Anybody know of obvious better alternatives?
I know there are a million analytics services out there. If somebody knows of another one that matches the conditions above and is obviously better than Plausible, then please suggest it! If not obvious, then I'd lean towards "just using plausible" so that we go down a rabbit hold of debate.
[!NOTE] Anybody want to advocate for Matomo?
I think that's the most likely alternative, and what the Binder team uses. That said, in Chris' experience the Matomo instance for mybinder.org has been very slow and kind of unreliable.
How to pay for this
I suggest we:
- Ask the Foundation for a discretionary Marketing budget that they + the JMS have control over, and use this to pay for Plausible. If not that, then:
- Use EC discretionary funds for this. If not that, then:
- Write a proposal for the Foundation specifically for this via community proposals.
Note that they have a 30-day free trial, no credit card required. We can put them on the website today to experiment.
History:
- 2013: The very first issue on this repo (#1) was about adding google analytics, which was promptly done
- 2018: https://github.com/jupyter/jupyter.github.io/pull/279 anonymized google analytics for GDPR
- 2021: https://github.com/jupyter/jupyter.github.io/pull/408 removed Google Analytics. We had lots of discussion at that time about plausible. In particular, @Carreau mentions that https://views.scientific-python.org/ is an open source server to serve scientific python ecosystem projects.
I would extend the "identify an analytics service we can use with jupyter.org" requirement to include something that can potentially scale to our docs as well.
Good point @jasongrout - is there any objection to us setting up Plausible analytics to get a baseline for our traffic? This will help us:
- Test the Plausible UI
- Get a baseline for our traffic, which will tell us the likely cost of analytics
To implement this, we'd need to paste the plausible javascript snippet into the
of jupyter.orgAlso, I'll add your suggestion about scaling to docs in the head.
I'm +1 on trying it out with the free trial.
👍 to trying out plausible. Doubly so if we can actually join views.scientific-python.org
FYI, there's also some discussion on zulip around this.
If anybody wants to action the "trial run", I'm +1 on just merging away and trying this out with Plausible.
On it...
PR up at https://github.com/jupyter/jupyter.github.io/pull/816. It's using a 30-day free trial tied to [email protected] now.
overall i approve paying for it and not self hosting.
In particular, https://plausible.io/blog/open-source-saas encourages me.
We’re not interested in venture capitalism, in the chase for the endless hyper-growth, or in building a unicorn.
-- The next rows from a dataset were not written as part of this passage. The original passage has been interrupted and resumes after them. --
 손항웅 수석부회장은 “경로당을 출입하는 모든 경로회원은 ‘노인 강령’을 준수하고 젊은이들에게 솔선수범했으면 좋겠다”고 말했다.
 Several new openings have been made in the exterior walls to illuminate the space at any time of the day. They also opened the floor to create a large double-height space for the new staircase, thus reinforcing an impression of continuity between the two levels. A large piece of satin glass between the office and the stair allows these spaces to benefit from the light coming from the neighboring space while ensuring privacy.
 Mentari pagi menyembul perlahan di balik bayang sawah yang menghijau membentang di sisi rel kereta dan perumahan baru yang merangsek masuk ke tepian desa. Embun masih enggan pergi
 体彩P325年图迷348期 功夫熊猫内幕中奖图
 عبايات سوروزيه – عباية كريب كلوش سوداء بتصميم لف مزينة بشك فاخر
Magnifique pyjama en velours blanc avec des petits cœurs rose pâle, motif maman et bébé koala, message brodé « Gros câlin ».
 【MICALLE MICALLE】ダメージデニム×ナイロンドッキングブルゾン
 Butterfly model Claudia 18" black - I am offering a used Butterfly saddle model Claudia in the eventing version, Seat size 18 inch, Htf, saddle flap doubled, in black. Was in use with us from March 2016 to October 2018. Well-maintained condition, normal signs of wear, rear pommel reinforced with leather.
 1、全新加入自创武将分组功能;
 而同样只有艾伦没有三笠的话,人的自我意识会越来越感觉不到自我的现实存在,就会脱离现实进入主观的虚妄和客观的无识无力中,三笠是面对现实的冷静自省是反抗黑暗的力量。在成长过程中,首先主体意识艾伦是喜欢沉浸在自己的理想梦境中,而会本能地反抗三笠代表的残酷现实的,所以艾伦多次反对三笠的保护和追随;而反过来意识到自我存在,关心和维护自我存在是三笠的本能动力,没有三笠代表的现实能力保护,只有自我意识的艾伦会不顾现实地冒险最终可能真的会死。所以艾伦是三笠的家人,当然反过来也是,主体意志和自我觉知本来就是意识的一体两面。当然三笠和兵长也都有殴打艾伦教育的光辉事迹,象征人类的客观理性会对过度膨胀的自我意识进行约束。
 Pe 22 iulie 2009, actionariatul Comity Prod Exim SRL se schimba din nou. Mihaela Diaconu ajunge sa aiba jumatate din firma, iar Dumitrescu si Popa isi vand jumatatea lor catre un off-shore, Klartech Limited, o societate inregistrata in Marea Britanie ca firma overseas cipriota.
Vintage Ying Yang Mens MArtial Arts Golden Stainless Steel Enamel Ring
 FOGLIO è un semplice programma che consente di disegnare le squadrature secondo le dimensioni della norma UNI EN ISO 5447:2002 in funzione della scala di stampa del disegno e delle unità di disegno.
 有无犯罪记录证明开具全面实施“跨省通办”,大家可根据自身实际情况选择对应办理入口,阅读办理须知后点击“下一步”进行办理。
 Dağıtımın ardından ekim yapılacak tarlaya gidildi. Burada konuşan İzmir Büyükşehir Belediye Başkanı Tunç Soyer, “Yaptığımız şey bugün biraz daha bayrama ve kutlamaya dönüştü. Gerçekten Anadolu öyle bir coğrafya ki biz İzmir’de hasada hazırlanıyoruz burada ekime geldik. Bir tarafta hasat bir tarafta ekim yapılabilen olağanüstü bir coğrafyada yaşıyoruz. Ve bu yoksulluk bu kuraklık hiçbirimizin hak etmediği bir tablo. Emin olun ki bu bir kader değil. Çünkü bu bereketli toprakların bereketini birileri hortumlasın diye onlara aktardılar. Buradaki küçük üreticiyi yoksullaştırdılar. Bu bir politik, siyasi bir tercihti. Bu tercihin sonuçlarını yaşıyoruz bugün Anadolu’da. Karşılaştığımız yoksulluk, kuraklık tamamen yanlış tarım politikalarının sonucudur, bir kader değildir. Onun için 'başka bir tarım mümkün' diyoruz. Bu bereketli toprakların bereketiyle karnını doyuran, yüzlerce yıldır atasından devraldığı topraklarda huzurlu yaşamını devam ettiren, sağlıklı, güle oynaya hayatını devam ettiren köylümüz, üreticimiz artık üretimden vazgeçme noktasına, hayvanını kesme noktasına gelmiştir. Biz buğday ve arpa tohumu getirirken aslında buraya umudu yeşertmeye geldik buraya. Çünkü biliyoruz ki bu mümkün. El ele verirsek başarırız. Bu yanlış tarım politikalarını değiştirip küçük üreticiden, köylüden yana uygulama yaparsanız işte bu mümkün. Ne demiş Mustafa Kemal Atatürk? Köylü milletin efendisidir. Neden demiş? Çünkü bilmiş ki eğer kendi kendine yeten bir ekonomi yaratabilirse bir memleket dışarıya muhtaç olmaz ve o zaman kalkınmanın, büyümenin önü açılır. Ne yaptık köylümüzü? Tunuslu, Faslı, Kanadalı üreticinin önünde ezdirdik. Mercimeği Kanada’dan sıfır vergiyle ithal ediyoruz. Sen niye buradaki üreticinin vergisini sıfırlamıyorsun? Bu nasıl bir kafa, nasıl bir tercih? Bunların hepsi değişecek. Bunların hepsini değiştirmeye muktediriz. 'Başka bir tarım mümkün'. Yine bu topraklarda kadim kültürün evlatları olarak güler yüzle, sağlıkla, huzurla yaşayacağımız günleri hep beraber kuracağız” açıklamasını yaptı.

We don’t have any goals about world domination.
Let's give them money if we can.
I also pinged them to see if they give discounts to open source projects.
I've merged @jasongrout 's PR! In the few minutes between that and me posting here, we've had 20 people visit jupyter.org 😅
I've also edited the top comment with next actions
Can you make the stats public (apparently it's an option on plausible) and post a link to it here ?
I reached out to Plausible about discounts for open source projects, and received an email back offering us a 15% one-time introductory discount when we sign up for the service. Just contact them and they can send us back a discount code.
Can you make the stats public (apparently it's an option on plausible) and post a link to it here ?
https://plausible.io/jupyter.org
I added that link to the issue body, thanks @jasongrout ! That's such a cool resource - I'll signal-boost it a little bit so others learn about this effort.
based on our daily hit rate, we have something like >8m hits a year which means we'd be somewhere in this cost range:
this also makes me feel like we'd drive a lot more attention to our blog if we served it from jupyter.org/blog instead of blog.jupyter.org 🤔
The plausible script https://plausible.io/js/script.hash.outbound-links.js is present on subpages (https://jupyter.org/*) , but missing from the top-level https://jupyter.org/
Thanks for spotting that @manics ! I just tried to fix this and accidentally pushed a commit to main instead of making a PR - sorry about that folks. It is simple-enough so I am just going to leave it, because I think it does fix the issue. here's the commit:
https://github.com/jupyter/jupyter.github.io/commit/e5bfbe2365b052f66f5260f07611d9c320009ef7
It moves the script from page-header.html to the default template, and moves it to <head> instead of the HTML element <header>. @manics I think this answers your question in https://github.com/jupyterhub/team-compass/issues/803 - no it doesn't have to be in <head> :-)
ReadTheDocs has analytics
It looks like we can enable analytics for readthedocs sites by going to the settings > Addons > Analytics and checking the box to enable it.
CC @choldgraf
GitHub also has analytics!
I also learned that GitHub has repository analytics!
https://docs.github.com/en/repositories/viewing-activity-and-data-for-your-repository/viewing-traffic-to-a-repository
Nice! It looks like we can access that from the API as well, so we should be able to accumulate traffic data over time too.